REQUIRED ACTION:
The required answer is the data below, restated word for word with images omitted.

DATASET CONTENT below:

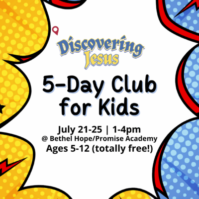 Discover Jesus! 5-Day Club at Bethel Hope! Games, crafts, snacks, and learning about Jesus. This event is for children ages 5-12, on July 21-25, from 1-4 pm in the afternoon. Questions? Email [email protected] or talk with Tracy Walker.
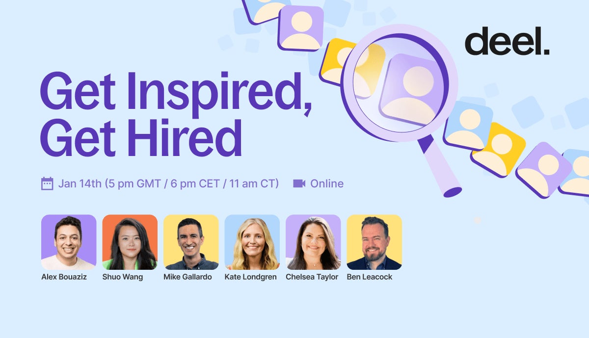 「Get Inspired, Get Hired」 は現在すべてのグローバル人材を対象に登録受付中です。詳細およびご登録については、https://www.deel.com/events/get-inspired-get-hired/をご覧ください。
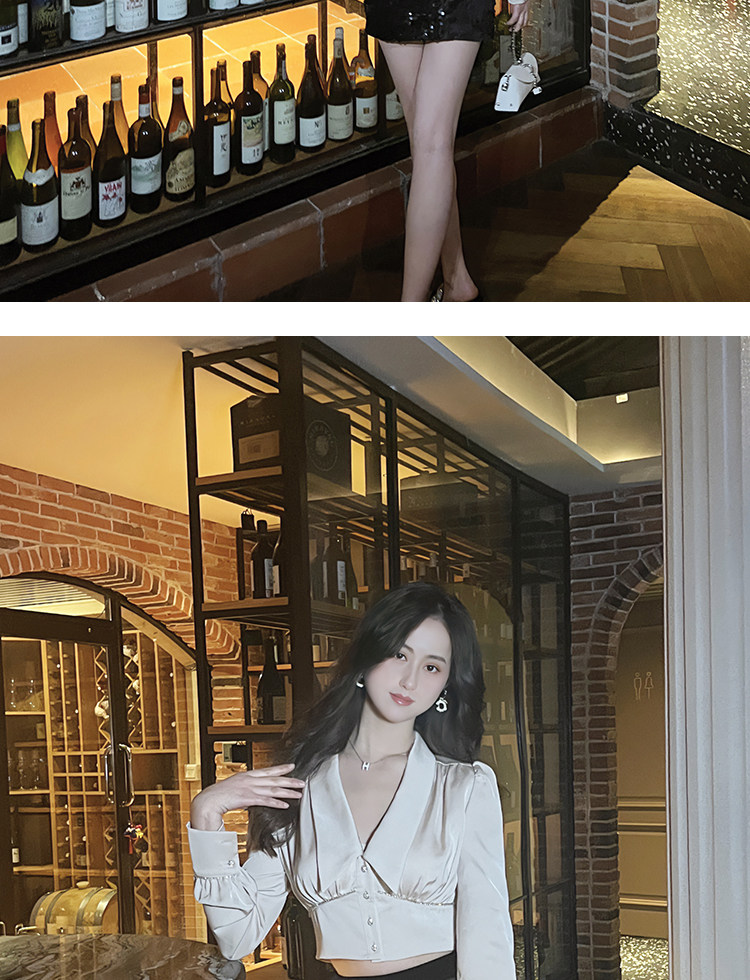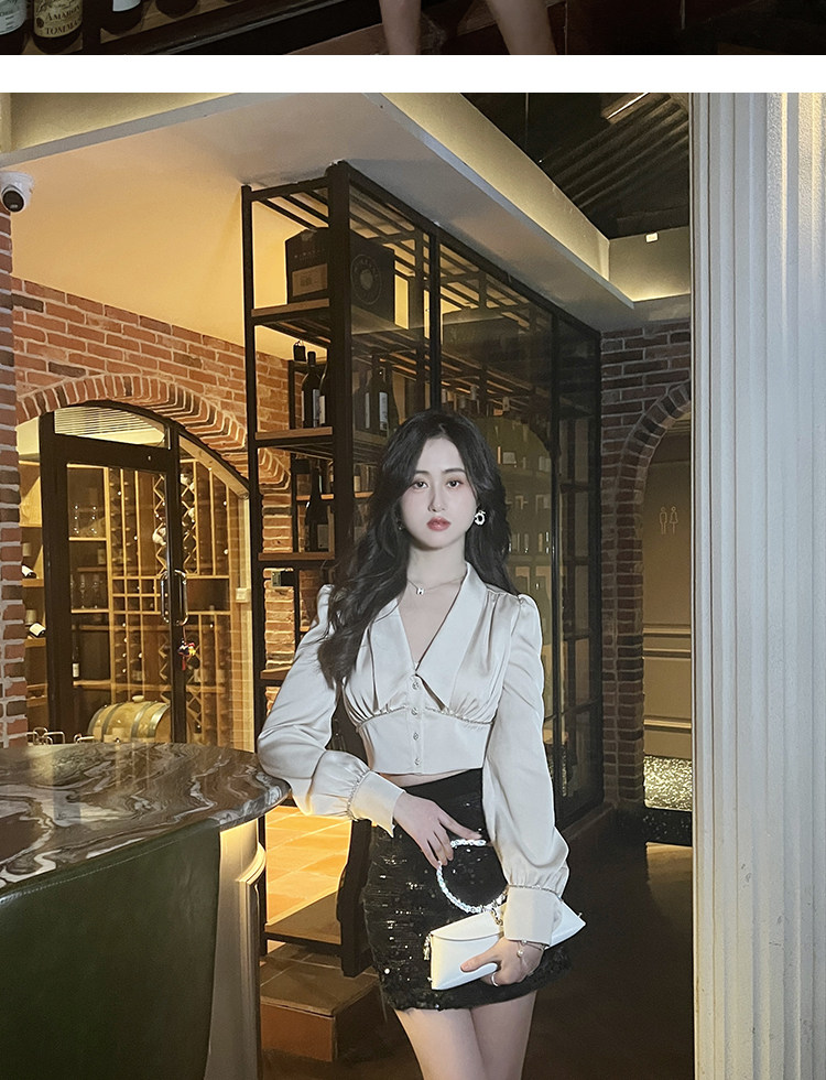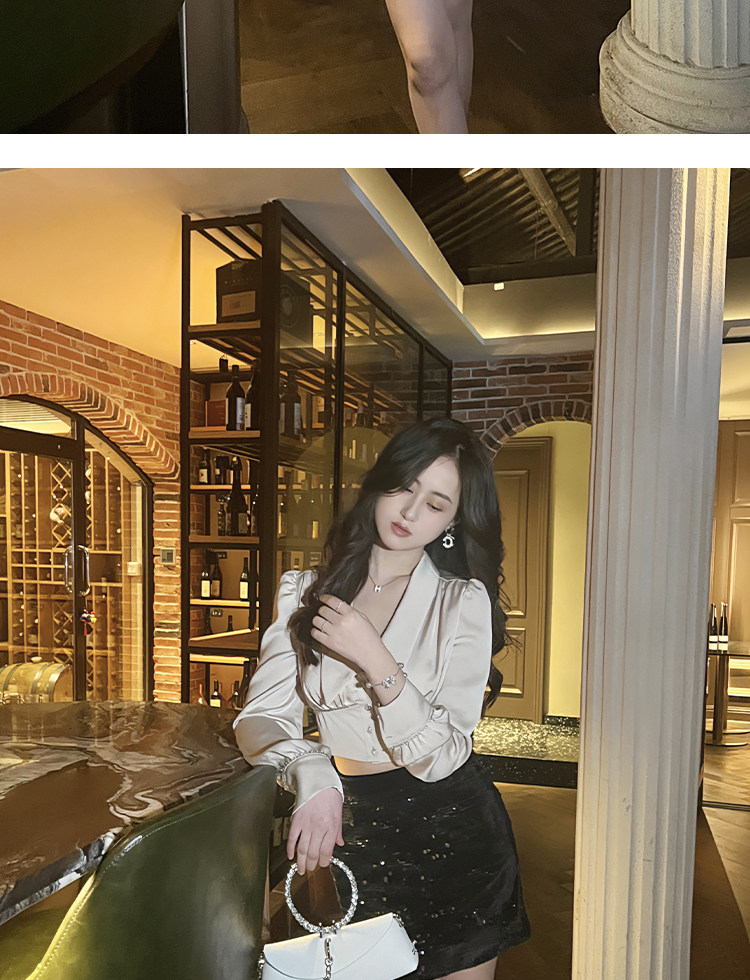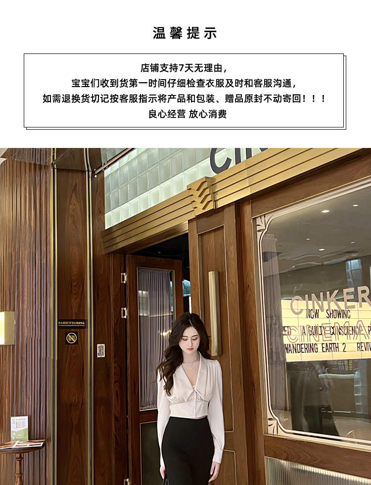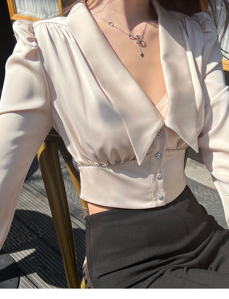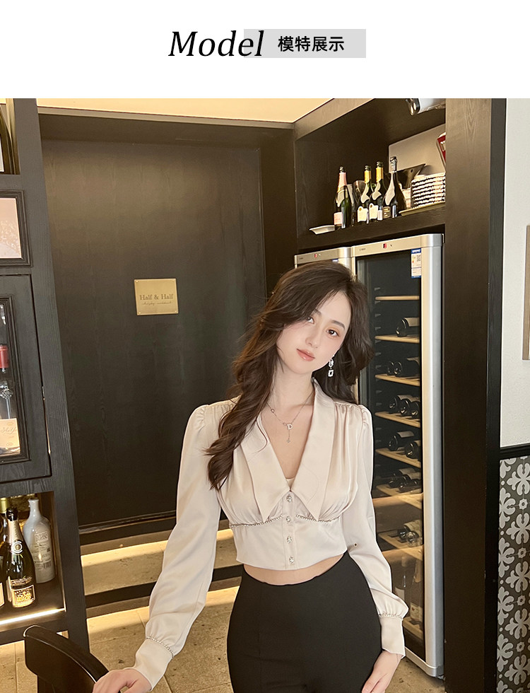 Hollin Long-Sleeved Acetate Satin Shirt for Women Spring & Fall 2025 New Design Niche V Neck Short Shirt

End of DATASET CONTENT.

RESULT OF THE EXERCISE:
 Discover Jesus! 5-Day Club at Bethel Hope! Games, crafts, snacks, and learning about Jesus. This event is for children ages 5-12, on July 21-25, from 1-4 pm in the afternoon. Questions? Email [email protected] or talk with Tracy Walker.
 「Get Inspired, Get Hired」 は現在すべてのグローバル人材を対象に登録受付中です。詳細およびご登録については、https://www.deel.com/events/get-inspired-get-hired/をご覧ください。
 Hollin Long-Sleeved Acetate Satin Shirt for Women Spring & Fall 2025 New Design Niche V Neck Short Shirt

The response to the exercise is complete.